Repeat the stretch of entries below from the line with "O documento discute" through the line with "ヘキサクロロ白金(Ⅳ)酸カリウム 特級 (1g)". Include both ends and add nothing.

MATERIAL SUPPLIED
---+---

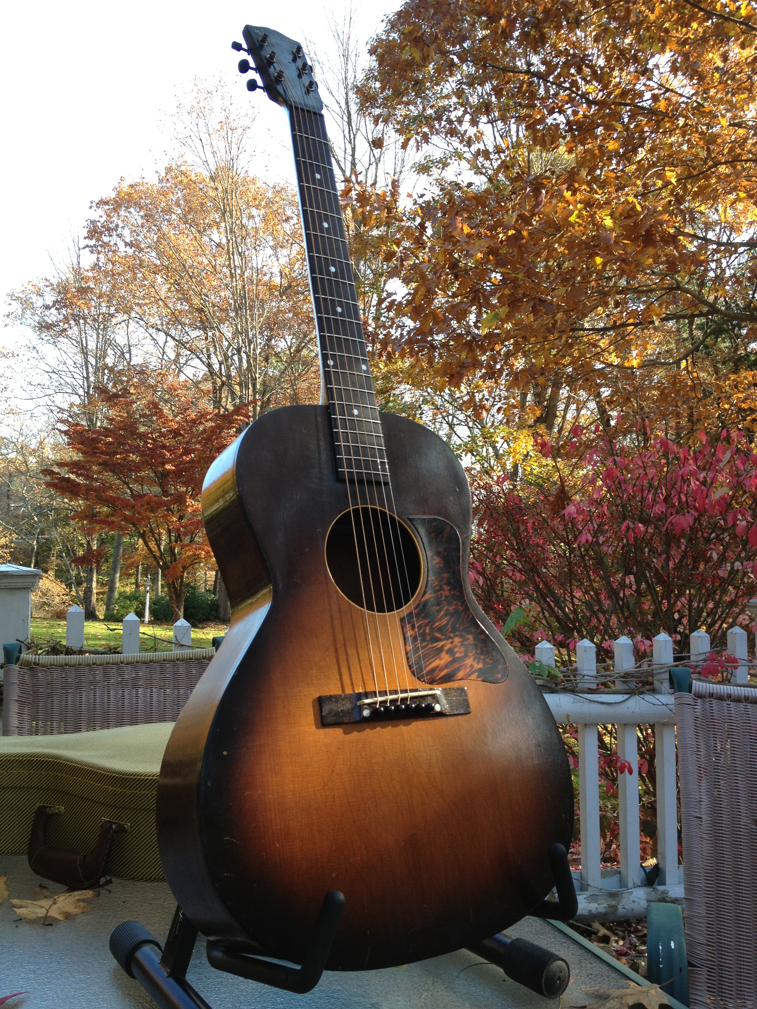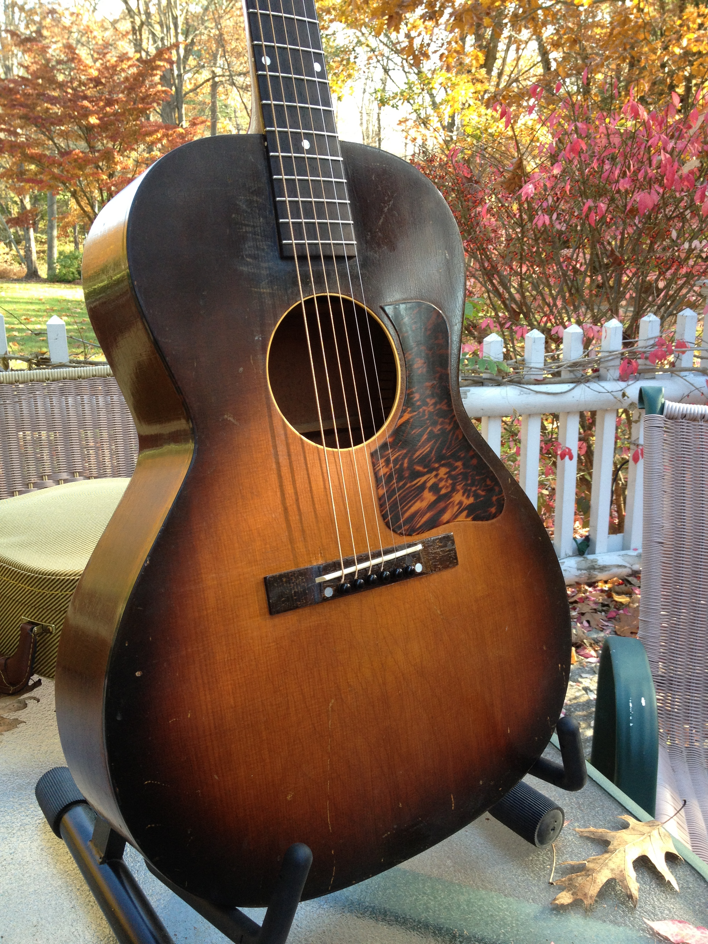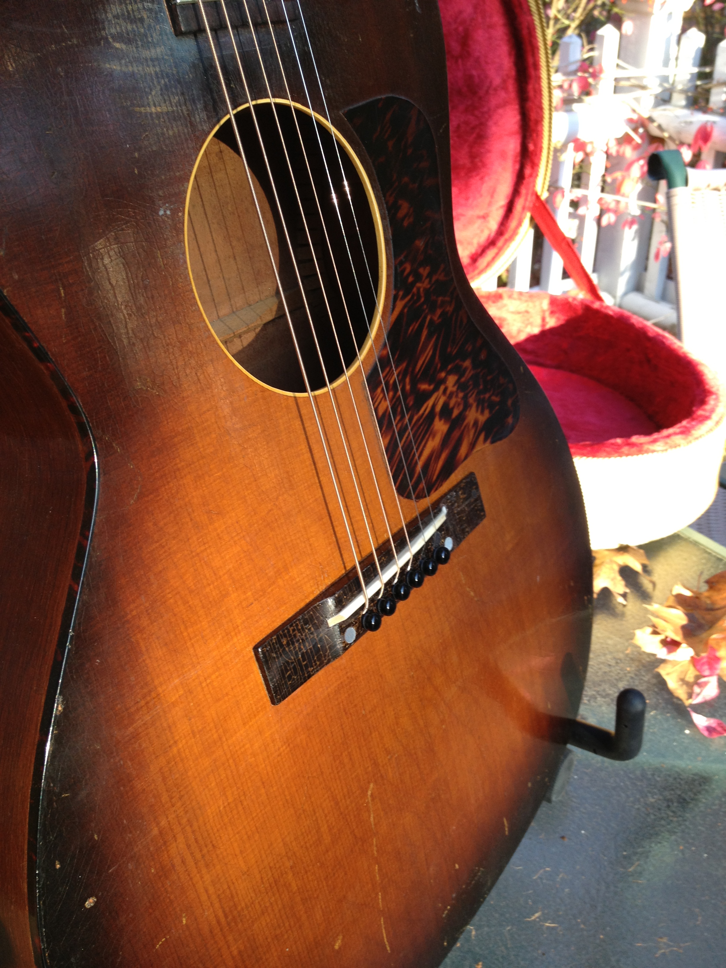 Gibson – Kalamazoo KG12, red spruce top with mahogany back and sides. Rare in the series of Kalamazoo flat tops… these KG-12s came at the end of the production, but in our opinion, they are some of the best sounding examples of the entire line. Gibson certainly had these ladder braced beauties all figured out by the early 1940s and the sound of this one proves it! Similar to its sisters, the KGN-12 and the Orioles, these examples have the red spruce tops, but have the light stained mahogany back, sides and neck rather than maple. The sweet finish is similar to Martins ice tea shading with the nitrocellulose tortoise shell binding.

---+---

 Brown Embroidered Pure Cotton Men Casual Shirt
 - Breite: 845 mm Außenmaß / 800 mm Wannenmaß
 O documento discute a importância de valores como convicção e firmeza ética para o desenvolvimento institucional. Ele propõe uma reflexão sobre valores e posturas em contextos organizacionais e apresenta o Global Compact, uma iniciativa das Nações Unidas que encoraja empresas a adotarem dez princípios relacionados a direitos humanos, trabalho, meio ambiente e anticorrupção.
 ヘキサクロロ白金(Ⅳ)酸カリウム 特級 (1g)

---+---

SOLUTION FOR THIS PROBLEM
 O documento discute a importância de valores como convicção e firmeza ética para o desenvolvimento institucional. Ele propõe uma reflexão sobre valores e posturas em contextos organizacionais e apresenta o Global Compact, uma iniciativa das Nações Unidas que encoraja empresas a adotarem dez princípios relacionados a direitos humanos, trabalho, meio ambiente e anticorrupção.
 ヘキサクロロ白金(Ⅳ)酸カリウム 特級 (1g)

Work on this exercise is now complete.